### WHAT YOU WILL DO
Transcribe the listing exactly, so that nothing but the pictures is missing.

### DATA PROVIDED
^^^^

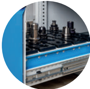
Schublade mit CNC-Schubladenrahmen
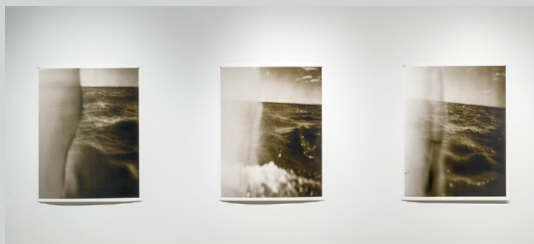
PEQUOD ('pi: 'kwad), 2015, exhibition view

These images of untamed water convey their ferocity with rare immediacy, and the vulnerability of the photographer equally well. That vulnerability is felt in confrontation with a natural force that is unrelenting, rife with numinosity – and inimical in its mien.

^^^^

### RESPONSE TO THE TASK
Schublade mit CNC-Schubladenrahmen
PEQUOD ('pi: 'kwad), 2015, exhibition view

These images of untamed water convey their ferocity with rare immediacy, and the vulnerability of the photographer equally well. That vulnerability is felt in confrontation with a natural force that is unrelenting, rife with numinosity – and inimical in its mien.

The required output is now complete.